The CEDAW expert proposed “rebuilding ties, humane education accessible to all people, in which girls and boys have notions of respect for gender relations”, which includes diverse sexual orientations, and dialogue to solve problems.

“When they grow up, they will be able to generate a form of social life that is not based on power struggles, as men do now with women,” she said.

And she highlighted the need for the media to redefine their information policies in relation to gender-based violence. “The magnitude of the problem that we face affects both women and men,” she remarked, and it is up to the media to take responsibility to overcome their short-term focus on sales and contribute to broader reflection in society.

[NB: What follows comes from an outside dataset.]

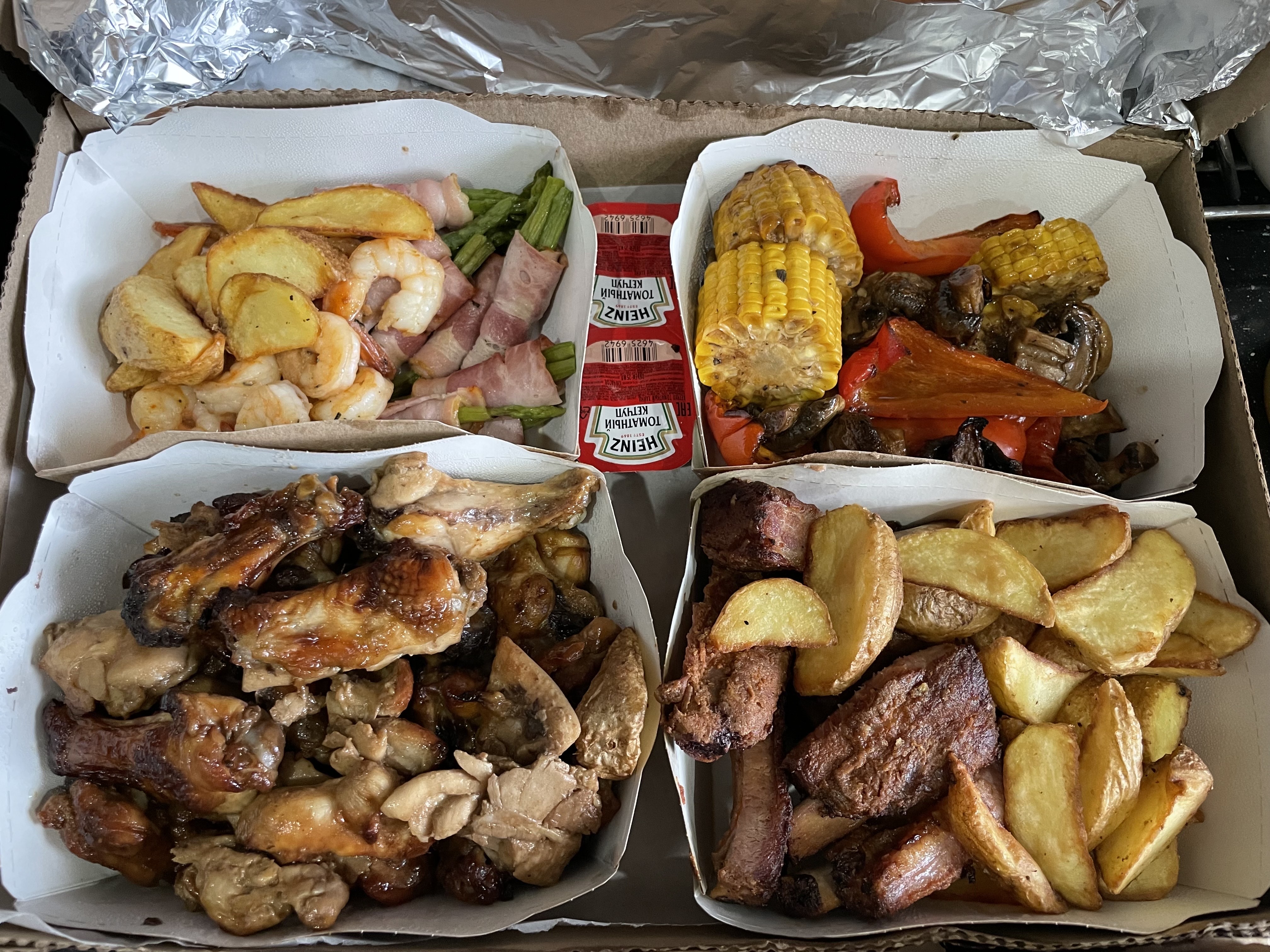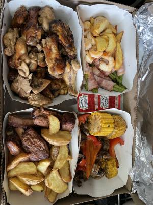 Сет "Крафт" (2000 г) Состав сета: свиные ребра в пряном маринаде, куриные крылья в горчичном маринаде, креветки в остром маринаде, курица в горчичном маринаде, спаржа в беконе, вощи гриль (перец, кукуруза), шампиньоны гриль, картофельные дольки, горчичный соус, кетчуп
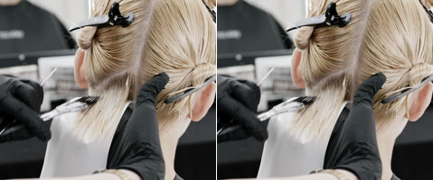 Step 4| Um fortzufahren, teile horizontale Passees ab und trage Rezeptur 1 vom Ansatz bis in den mittleren Bereich auf. Nutze dafür die Root-Stretching-Technik. Mit einer Freehand-Blending-Technik wird Rezeptur 2 in die Längen und Spitzen gearbeitet.

Peruvian lawyer Rocío Silva, a university professor and human rights activist, told IPS that laws and statutes do not necessarily change reality and that “although progress has been made in terms of rights, it has failed to curb violence against women.”

“There is a powerful cultural component, a patriarchal common sense of men’s possession of women’s bodies. And it is important to work with them, without neglecting the victim. Otherwise, this violence is not going to stop,” she said.

Peru is a prime illustration of a situation that is widespread in the region. In this country of 32 million people, 149 femicides were documented last year according to the Ministry of Women and Vulnerable Populations, which included the rapes and murders of girls at the hands of their fathers.

Faced with this outlook and the inadequacy of legal frameworks, Silva stressed that it is urgent to debate sexism and “machismo” among society and change the way masculinities are constructed.

“All rapes are about power and not extreme sexuality. It is incredible that a basic taboo of human societies such as incest no longer works. There is no awareness of the harm caused by rape, and that is due to sexist and pornographic education,” she said.

She added that another brutal element of masculinity in Peru is hypersexualisation, as if exercising masculinity only meant having sex. “We are in a society and in a sick patriarchy in which limits are no longer possible, with masculinity in a crisis of tremendous violence,” Silva said.

She deplored the fact that the State’s policies do not include men and suggested education, especially of boys.

“It’s about teaching a kind of camaraderie between men and women so that they can see us as equals. You have to teach that problems are solved through words and not through blows,” Silva said.